The Viking Moses ‘Crosses’ is out on Poptones Recording Corporation on the 28th of August.  To get your own copy please click here.

Sinister and beguiling song cycle celebrates an odd love story

The Viking Moses (aka Brendon Massei) is yet another graduate from the school of Devandra Banhart. Riding the new wave of new folk with simple acoustic settings, intimate vocals and at times a childlike simplicity, he’s fashioned an album that worms its way into your head with its allusions to well remembered hymns and the use of repetitive structures. A song cycle based on a relationship Massei had with a muse named Emma, the album moves from songs he sang with her to post breakup musings and a yearning to rekindle their flame. Opening song “Still my Home” uses the tune and chorus from Michael Row Your Boat Ashore and lulls the listener into a false sense of security, wrapped in a familiar memory.

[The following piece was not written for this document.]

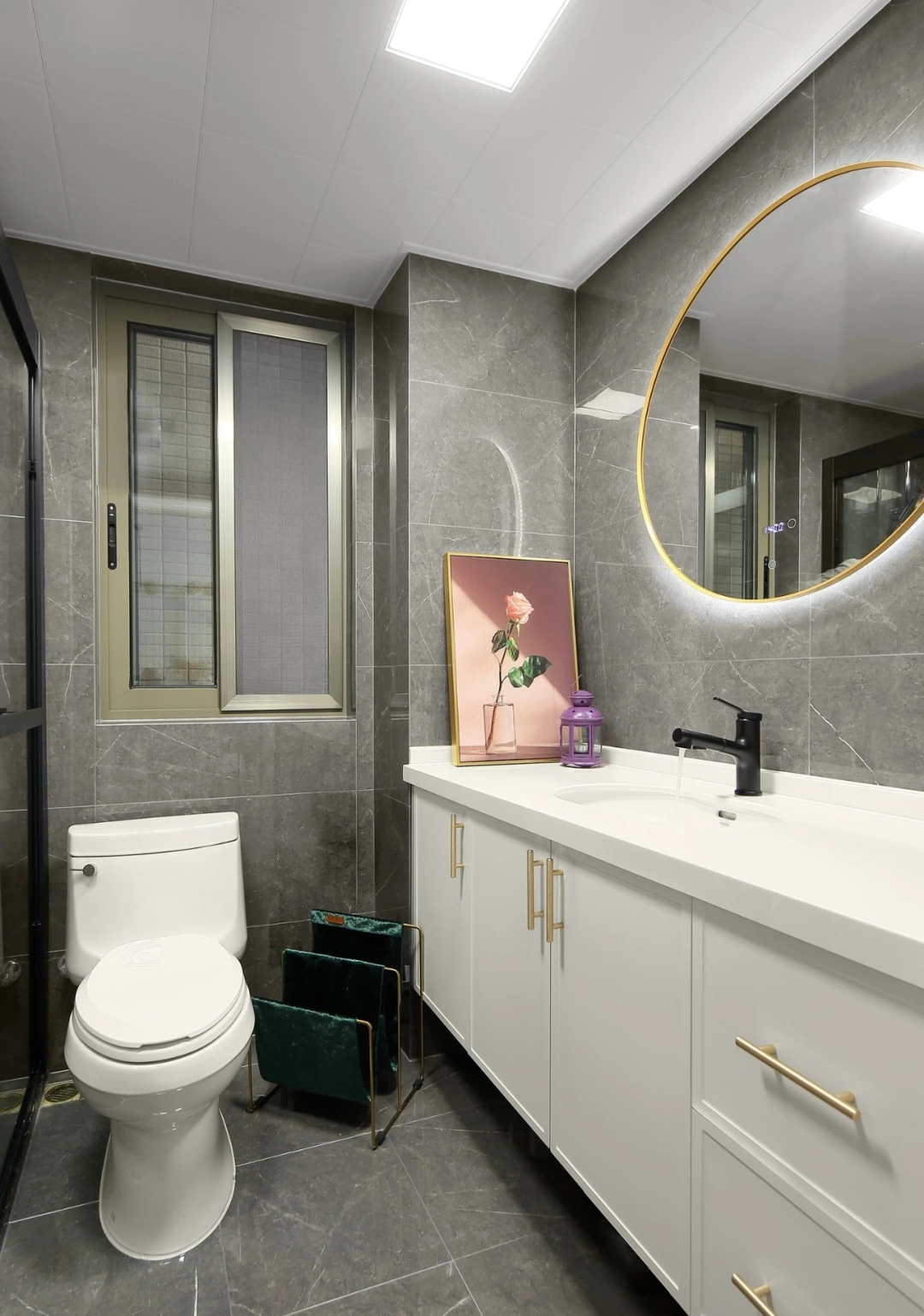 卫生间采用大面积的灰色搭配纯净的白色,保持着素雅的视觉观感,黄铜的元素延续了整体空间的复古轻奢格调。

Overall there is a sense of a nostalgic longing to regain innocence lost personified in the idealised Emma. There are hints however that their relationship was not ideal with darker moments in some of the songs. “My Husband’s Hand” hints at a wives’ fear of her husband’s interest in children playing nearby as she promises to bear him one of his own. “Dancing By the Water day” has “our bodies grow close, then break away, and when they do, I’ll cry and pray…” “Whet Stones at Both My Sides” is a bare tale of denial with the singer describing the emptiness and loss of self following the end of a relationship and against all the evidence hoping for a reconciliation, a tremendous song. The album ends on another ambiguous note, a reunion with his soulmate but again the lyrics could be read as a fantasy or even a sinister replacement for the idealised, lost partner.
With delicate guitar, piano and occasional bass providing the backdrop, Massei’s voice is vulnerable, at times sounding like Will Oldham as he dips into childlike rhymes. A short (30 minutes) album, there are numerous highlights, the cantina styled piano that adorns several songs and Massei’s almost nursery rhyme type lyrics. Not as whimsical as Devandra nor as bleak as Oldham, The Viking Moses is an intriguing but rewarding listen.